Dickson Paxton V, Hamner John B, Burger Rebecca A, Garcia Elizabeth, Ouma Annastasia A, Kim Seung U, Ng Catherine Y C, Gray John T, Aboody Karen S, Danks Mary K, Davidoff Andrew M
Department of Surgery, St. Jude Children's Research Hospital, Memphis, TN 38105, USA.
J Pediatr Surg. 2007 Jan;42(1):48-53. doi: 10.1016/j.jpedsurg.2006.09.050.
Interferon-beta (IFN-beta) has potent antitumor activity; however, systemic toxicity has limited its clinical use. We investigated the potential of targeted delivery using tumor-tropic neural progenitor cells (NPCs) transduced to express human IFN-beta (hIFN-beta).

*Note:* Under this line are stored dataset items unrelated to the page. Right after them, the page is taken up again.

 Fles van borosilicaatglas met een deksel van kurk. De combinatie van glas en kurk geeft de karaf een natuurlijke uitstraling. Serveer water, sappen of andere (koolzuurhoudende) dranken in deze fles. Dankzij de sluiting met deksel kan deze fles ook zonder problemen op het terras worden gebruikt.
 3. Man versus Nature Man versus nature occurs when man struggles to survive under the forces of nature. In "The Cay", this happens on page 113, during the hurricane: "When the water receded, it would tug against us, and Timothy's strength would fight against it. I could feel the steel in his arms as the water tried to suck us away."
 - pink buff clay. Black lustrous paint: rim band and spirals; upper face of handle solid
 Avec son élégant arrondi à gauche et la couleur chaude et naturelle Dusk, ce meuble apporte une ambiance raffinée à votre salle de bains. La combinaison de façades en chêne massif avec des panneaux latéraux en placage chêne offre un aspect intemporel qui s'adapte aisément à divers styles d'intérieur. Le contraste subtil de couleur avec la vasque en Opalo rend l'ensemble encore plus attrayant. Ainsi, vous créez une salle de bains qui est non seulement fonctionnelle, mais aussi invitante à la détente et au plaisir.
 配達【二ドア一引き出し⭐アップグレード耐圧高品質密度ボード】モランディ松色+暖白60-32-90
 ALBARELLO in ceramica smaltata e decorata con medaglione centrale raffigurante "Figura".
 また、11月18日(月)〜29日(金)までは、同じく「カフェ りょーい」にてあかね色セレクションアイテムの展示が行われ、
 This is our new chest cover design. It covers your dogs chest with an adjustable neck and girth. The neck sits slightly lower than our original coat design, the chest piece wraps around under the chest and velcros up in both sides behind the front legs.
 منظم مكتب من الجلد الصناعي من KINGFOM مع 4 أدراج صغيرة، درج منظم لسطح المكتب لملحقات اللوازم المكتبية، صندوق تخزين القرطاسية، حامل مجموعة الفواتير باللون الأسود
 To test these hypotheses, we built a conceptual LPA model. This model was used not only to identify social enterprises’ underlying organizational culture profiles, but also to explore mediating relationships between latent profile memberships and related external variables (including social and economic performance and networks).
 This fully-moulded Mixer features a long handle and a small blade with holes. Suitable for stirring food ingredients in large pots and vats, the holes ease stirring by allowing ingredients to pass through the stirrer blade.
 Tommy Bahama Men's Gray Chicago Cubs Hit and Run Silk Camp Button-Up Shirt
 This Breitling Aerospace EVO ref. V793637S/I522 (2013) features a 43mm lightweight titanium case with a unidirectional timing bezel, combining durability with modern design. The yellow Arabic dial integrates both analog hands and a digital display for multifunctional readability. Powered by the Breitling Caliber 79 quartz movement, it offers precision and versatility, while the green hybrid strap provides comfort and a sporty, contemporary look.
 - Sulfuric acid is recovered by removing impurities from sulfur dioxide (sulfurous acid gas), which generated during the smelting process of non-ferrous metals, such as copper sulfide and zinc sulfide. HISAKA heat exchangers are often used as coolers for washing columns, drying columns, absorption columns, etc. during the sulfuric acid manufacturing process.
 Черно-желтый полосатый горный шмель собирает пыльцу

Disseminated neuroblastoma was established in SCID mice by tail vein injection of tumor cells. Fourteen days after tumor cell inoculation, systemic disease was confirmed with bioluminescence imaging (BLI). Mice were then treated by intravenous injection of human F3.C1 NPCs that had been transduced with a replication deficient adenovirus to overexpress hIFN-beta (F3-IFN-beta). Two injections were given: the first at 14 days and the second at 28 days following tumor cell injection. Control mice received NPCs transduced with empty vector adenovirus at the same time points. Progression of disease was monitored using BLI. At sacrifice, organ weights and histology further evaluated tumor burden.
After initiation of therapy, BLI demonstrated a significant decrease in the rate of disease progression in mice receiving F3-IFN-beta. At necropsy, control mice had bulky tumor replacing the liver and kidneys, as well as extensive retroperitoneal and mediastinal adenopathy. Impressively, these sites within mice receiving F3-IFN-beta therapy appeared grossly normal with the exception of small nodules within the kidneys of some of the F3-IFN-beta-treated mice. The accumulation of F3.C1 cells within sites of tumor growth was confirmed by fluorescence imaging. Importantly, systemic levels of hIFN-beta in the treated mice remained below detectable levels.
These data indicate that in this model of disseminated neuroblastoma, the tumor-tropic property of F3.C1 NPCs was exploited to target delivery of IFN-beta to disseminated tissue foci, resulting in significant tumor growth delay. The described novel approach for effective IFN-beta therapy may circumvent limitations associated with the systemic toxicity of IFN-beta.
β-干扰素(IFN-β)具有强大的抗肿瘤活性;然而,全身毒性限制了其临床应用。我们研究了利用转导以表达人IFN-β(hIFN-β)的肿瘤嗜性神经祖细胞(NPCs)进行靶向递送的潜力。
通过尾静脉注射肿瘤细胞在SCID小鼠中建立播散性神经母细胞瘤。肿瘤细胞接种14天后,通过生物发光成像(BLI)确认全身性疾病。然后通过静脉注射用复制缺陷型腺病毒转导以过表达hIFN-β的人F3.C1 NPCs(F3-IFN-β)对小鼠进行治疗。给予两次注射:第一次在肿瘤细胞注射后14天,第二次在28天。对照小鼠在相同时间点接受用空载体腺病毒转导的NPCs。使用BLI监测疾病进展。处死时,通过器官重量和组织学进一步评估肿瘤负荷。
开始治疗后,BLI显示接受F3-IFN-β的小鼠疾病进展速率显著降低。尸检时,对照小鼠有巨大肿瘤取代肝脏和肾脏,以及广泛的腹膜后和纵隔淋巴结病。令人印象深刻的是,接受F3-IFN-β治疗的小鼠体内这些部位除了一些接受F3-IFN-β治疗的小鼠肾脏内有小结节外,大体上看起来正常。通过荧光成像证实了F3.C1细胞在肿瘤生长部位的积累。重要的是,治疗小鼠体内hIFN-β的全身水平仍低于可检测水平。
这些数据表明,在这种播散性神经母细胞瘤模型中,利用F3.C1 NPCs的肿瘤嗜性特性将IFN-β靶向递送至播散性组织病灶,导致肿瘤生长显著延迟。所描述的有效IFN-β治疗的新方法可能规避与IFN-β全身毒性相关的局限性。